At the moment, that community is bootstrapping, for the most part. Artists get by despite very little public funding, and this consistent apathy towards their work. We’ve created a system whereby artists no longer have simply to make art, we force them to campaign, to justify their existence, to keep their spaces open. Even Michael Parekowhai, one of the few New Zealand artists who has name recognition and access to what funds exist (by the way, an Elam alumnus and tutor), had to justify his own work’s legitimacy to a public that sees public art as a waste.

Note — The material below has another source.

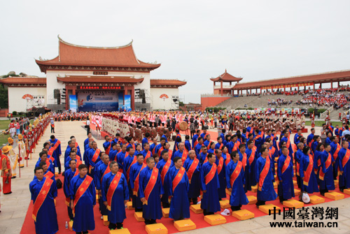 中國臺(tái)灣網(wǎng)6月14日莆田消息 6月14日上午,來自臺(tái)灣179家媽祖宮廟的970名信眾代表在湄洲祖廟天后廣場(chǎng)參加了媽祖祭祀大典。臺(tái)灣信眾身著傳統(tǒng)服裝,行三跪九叩祭拜之禮,在媽祖金身前,同祈兩岸福祉。
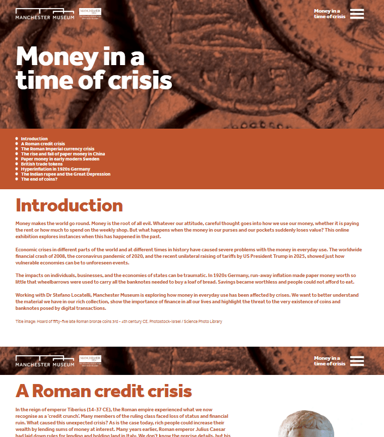 E’ disponibile in rete ‘Money in a time of crisis’, la mostra che ripercorre la storia della moneta dai tempi di Tiberio (14-37 d.C) all’attualità. La mostra è curata da Stefano Locatelli, attualmente Marie Curie Fellow presso il Dipartimento di Scienze e Politiche Ambientali dell’Università Statale di Milano, con la collaborazione di Bryan Sitch, Honorary Curator of Numismatics presso il Manchester Museum.

A student campaign is rising to fight for their right to say what the library means to them, but it says so much about our national approach to the arts that they have to. The All Blacks never have to justify their training grounds, and a scientist would never have to justify keeping their laboratory, so why do we force artists, again and again, to prove that they are worthy of respect?
We need to stop seeing art as a burden, and start seeing it as an opportunity. Yeah, it might not literally save people’s lives or make anyone a lot of money, but art is critical to our success as a society. That the university is looking at a process that will make it more difficult for students and the public to access knowledge about art is a blight on all of us.